The Spanish soldiers were usually men of good character. Among them were many cadets and young men of good fam­ilies who had adopted a military career, whose birth and edu­cation entitled them to certain exemptions and privileges, and who afterward became distinguished in civil life. Officers could not marry without the king’s consent, and to secure this, those beneath the rank of captain had to show that they had an income outside their pay. The chief officer was the commandant. Discipline was severe. The old Spanish Arti­cles of War prescribed the death penalty for so many trivial offences that, as another writer has remarked, it was really astonishing that any soldier could escape execution. There is no record of any military executions at San Diego, however, except of Indians.

Rough plan of Presidio Hill (drawn from description).

The principal duties of the soldiers were to garrison the forts, to stand guard at the missions, to care for the horses and cat­tle, and to carry dispatches. Both officers and men had usually a little time at their disposal, which they were allowed to employ in providing for their families. Some were shoemakers, others, tailors or woodcutters; but after the first few years most of them seem to have given their leisure hours to agriculture. The pay was small and subject to many vexatious deductions. Supplies were brought by ship from Mexico and the cost was deducted from the men’s pay.

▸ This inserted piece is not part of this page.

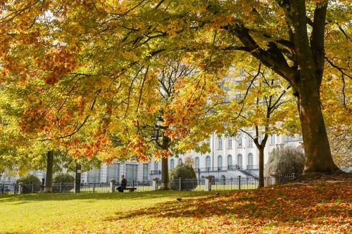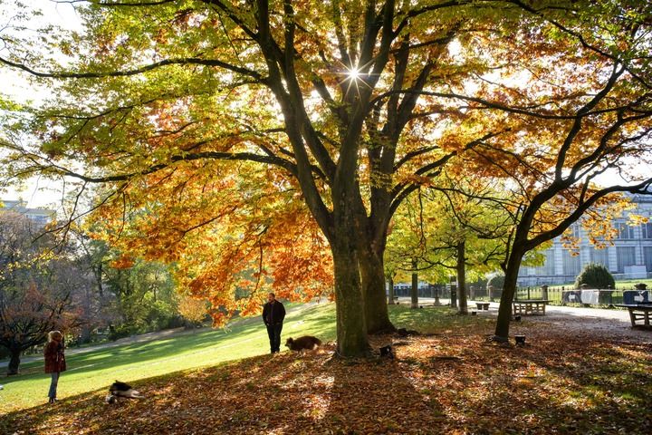 在比利时布鲁塞尔利奥波德公园拍摄的秋景。新华社记者张铖摄

The military establishment on Presidio Hill was always the weakest in the department. The rude earthworks thrown up in July, 1769, grew but slowly. In August there seem to have been but four soldiers able to assist in repelling the first Indian attack. But when Perez returned, in the following March, good use was made of the time. The temporary stockade was com­pleted and two bronze cannon mounted, one pointing toward the harbor, the other toward the Indian village. Houses of wood, rushes, tule, and adobe were constructed. Three years later four thousand adobe bricks had been made and some stones collected for use in foundations. A foundation had also been laid for a church ninety feet long, but work upon this building had been suspended because of delay in the arrival of the supply ship.

When the mission establishment was removed up the river, all buildings at the Presidio, except two rooms reserved for the use of visiting friars and for the storage of mission sup­plies, were given up to the military. In September of this year there was some trouble with troops which had been sent up from Sinaloa. The following year, at the time of the destruc­tion of the mission, related in a previous chapter, the force at the Presidio consisted of a corporal and ten men. In the panic caused by this tragedy, all the stores and families at the Presidio were hastily removed to the old friars’ house, the roof of that building was covered with earth to prevent its being set on fire, and the time of waiting for the arrival of reinforcements was spent in fear and trembling.

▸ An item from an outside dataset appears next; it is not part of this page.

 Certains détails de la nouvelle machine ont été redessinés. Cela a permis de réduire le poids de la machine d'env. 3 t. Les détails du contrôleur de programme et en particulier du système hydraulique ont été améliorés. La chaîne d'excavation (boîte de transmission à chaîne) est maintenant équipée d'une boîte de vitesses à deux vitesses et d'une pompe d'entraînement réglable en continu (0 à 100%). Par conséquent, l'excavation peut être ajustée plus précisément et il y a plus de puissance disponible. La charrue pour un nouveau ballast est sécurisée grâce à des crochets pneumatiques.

The work of collecting stones to be used in laying the foun­dations for the new adobe wall to replace the wooden stock­ade was begun in 1778 and the construction of the wall soon followed. The population of the Presidio was then about one hundred and twenty-five. Small parties of soldiers arrived and departed, and some effort was expended in attempts to find improved routes of travel through the country. In 1782, the old church within the presidial enclosure was burned. Two years later, the regulations required the presidial force to con­sist of five corporals and forty-six soldiers, six men being always on guard at the Mission.

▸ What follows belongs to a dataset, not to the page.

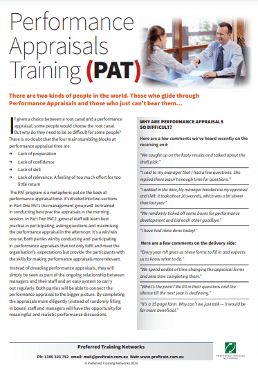 In Part One (PAT1) the management group will be trained in conducting best practice appraisals in the morning session. In Part Two (PAT2), general staff will learn the best practice in participating, asking questions and maximising the performance appraisal in the afternoon. It’s a win/win course. Both parties win by conducting and participating in performance appraisals that not only fulfil and meet the organisation’s expectations but provide the participants with the skills for making performance appraisals more relevant. Instead of dreading performance appraisals, they will simply be seen as part of the ongoing relationship between managers and their staff and an easy system to carry out regularly. Both parties will be able to connect the performance appraisal to the bigger picture. By completing the appraisals more diligently (instead of randomly filling in boxes) staff and managers will have the opportunity for meaningful and realistic performance discussions.

The visit of the famous English navigator, George Vancou­ver, in the Discovery in 1793, was the most important event breaking the monotony of these early years. His was the first foreign vessel that ever entered San Diego harbor. He arrived on the 27th day of November and remained twelve days. His presence disturbed and alarmed the Spanish officials, who did not relish the sight of the British flag in Californian waters. The San Diego commandant, however, treated him with cour­tesy and relaxed the rigid port regulations in his favor, so far as lay within his power. Vancouver gave Father Lasuen, of the San Juan Capistrano Mission a barrel-organ for his church, made some nautical observations, and corrected his charts. But the most valuable results of his visit, so far as this history is concerned, are his shrewd observations upon the Presidio of San Diego and the whole Spanish military estab­lishment in Upper California. He says the soldiers “are totally incapable of making any resistance against a foreign invasion, an event which is by no means improbable.” The Spanish officials knew this; the relations between England and Spain, too, were strained and war broke out not long after. It is no wonder that Vancouver was regarded with dread and suspicion. He goes on:

“The Spanish Monarchy retains this extent of country under its authority by a force that, had we not been eye­witnesses of its insignificance in many instances, we should hardly have given credit to the possibility of so small a body of men keeping in awe and under subjection the natives of this country, without resorting to harsh or unjustifiable measures.”

And again:

“The Presidio of San Diego seemed to be the least of the Spanish establishments. It is irregularly built, on very un­even ground, which makes it liable to some inconveniences, without the obvious appearance of any object for selecting such a spot. With little difficulty it might be rendered a place of considerable strength, by establishing a small force at the entrance of the port; where at this time there were neither works, guns, houses, or other habitations nearer than the Presidio, five miles from the port, and where they have only three small pieces of brass cannon.”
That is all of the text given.